At this point only Method Man remained, but not for long. A relentless assassin pursued the Wu-Tang. None would escape.
The Method Man job went more smoothly than any of the previous drawings. I surprised myself with the speed at which I completed the project once I gave up on the loftier goals I had initially had of learning and distilling each face into a reproducible abstraction. When finally the clan lay before me in defeat I thought of the next step in the battle.
To this point I had ten excellent portraits, but portraits were not my final aim. I had designs to create one lager painting in the style of the 18th century Romantic painters, Gericault, and Delacroix. Complex, dynamic, heroic, a war epic, this image would embody the strife I felt throughout the stages of its creation.

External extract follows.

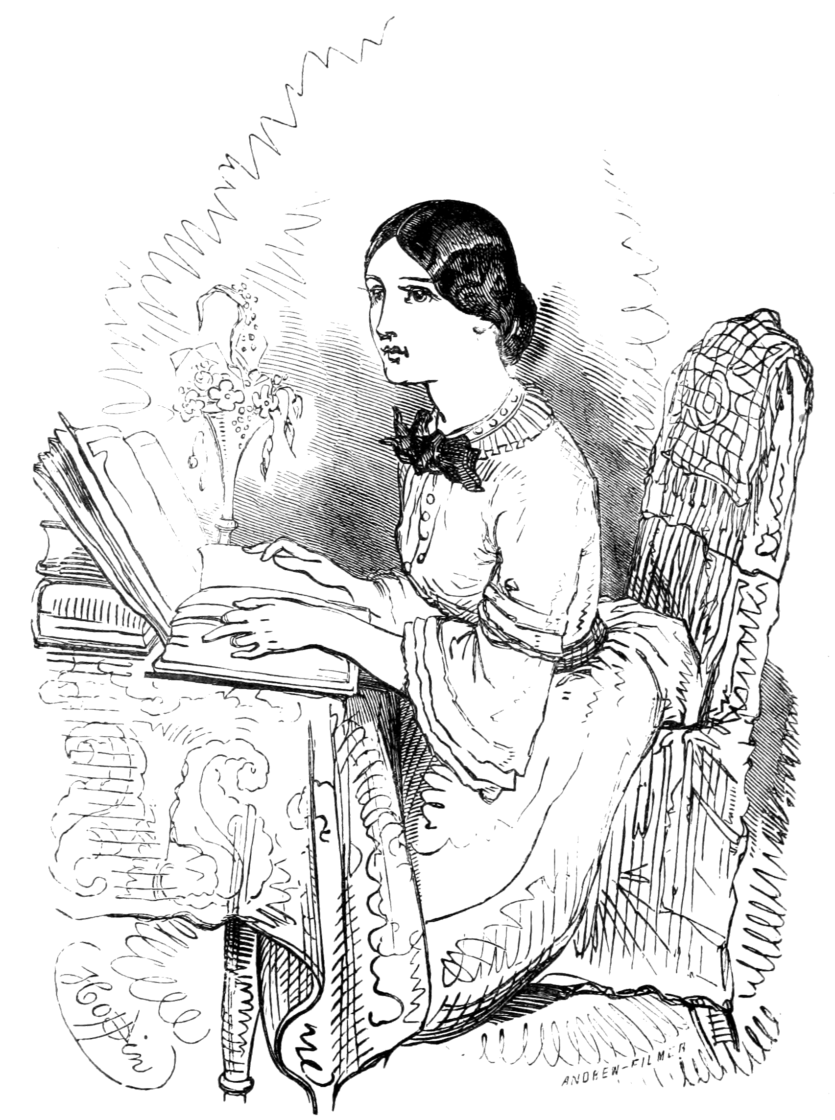 Illustration from: O.W. Holmes. Autocrat of the breakfast-table (Boston: Phillips, Sampson, Co., 1858). Printed by H.O. Houghton & Co. Young woman looking aside from books on table before her. Note that the fullness of her dress is bunched up in back as she is sitting in the chair.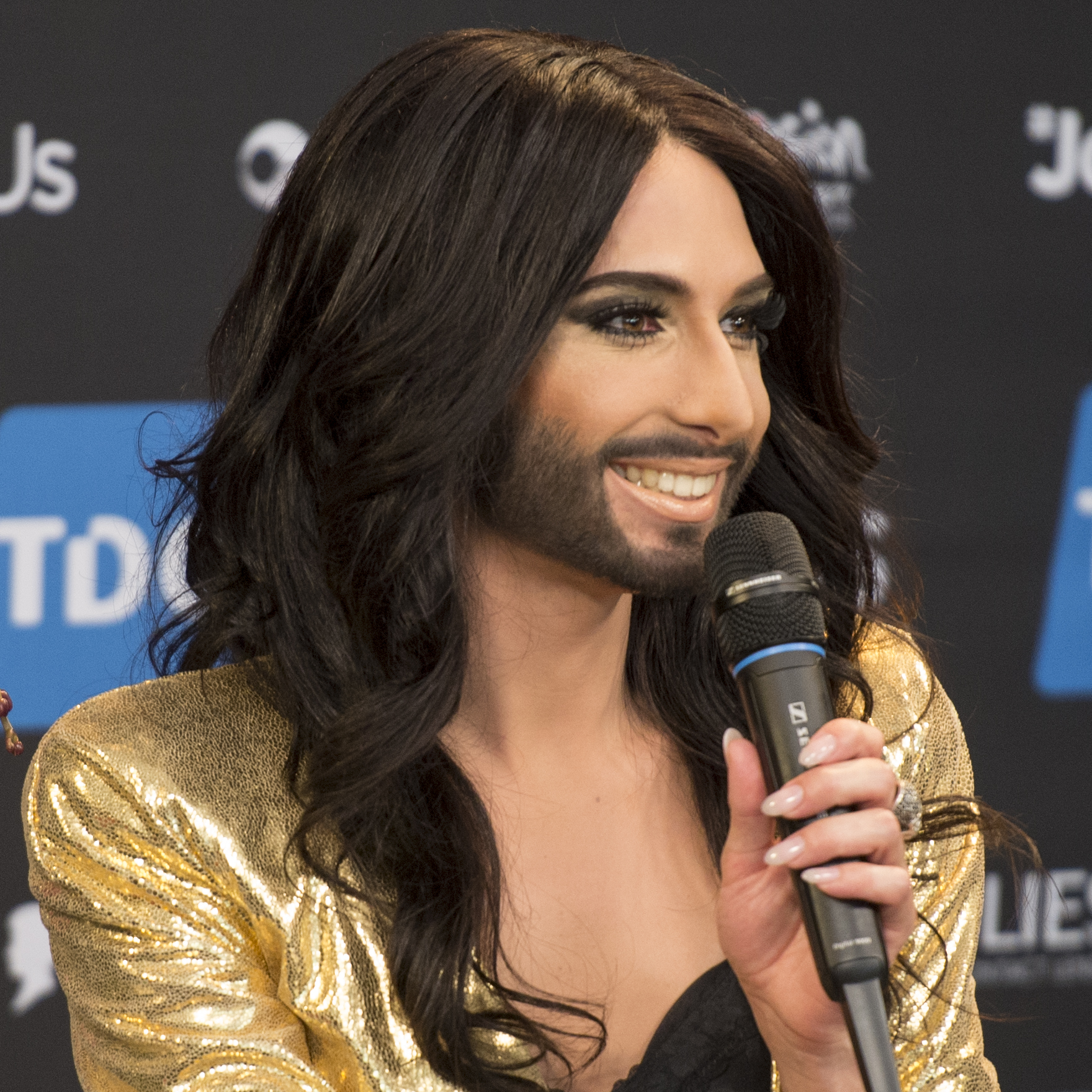 Conchita Wurst at a Meet & Greet during the Eurovision Song Contest 2014 Copenhagen. (Help translate this text)

I did a bad painting of the Wu-Tang Clan years ago. I always imagined doing a good one. Having failed to make a compelling Wu-Tang illustration in the past I put that goal on a pedestal. The level of skill needed to complete it became legendary to me. Only a better, smarter, more successful Anwar could reach those lofty heights. The Anwar who could create that magnificent Wu-Tang painting, who could battle the Wu-Tang Clan and prevail, would not have to worry about a non-existent art career and a stagnant job for which he felt ill-matched. That that far off highly skilled Anwar might not be a successful working illustrator, I found inconceivable.
Then I completed the painting.
I marveled briefly at the painting I always imagined being able to complete. The dynamism, complexity, likenesses, I’d accomplished all of it. Unfortunately the newer, better Anwar did not magically appear. No engaging career suddenly unfolded before me. Artwork never transformed my life in that way.
So I went back. Back to the world where I’d conquered. Where I’d met ten masters in combat and bested them. To the world where I not only participated in, but emerged victorious, from The Great Wu-Tang Battle.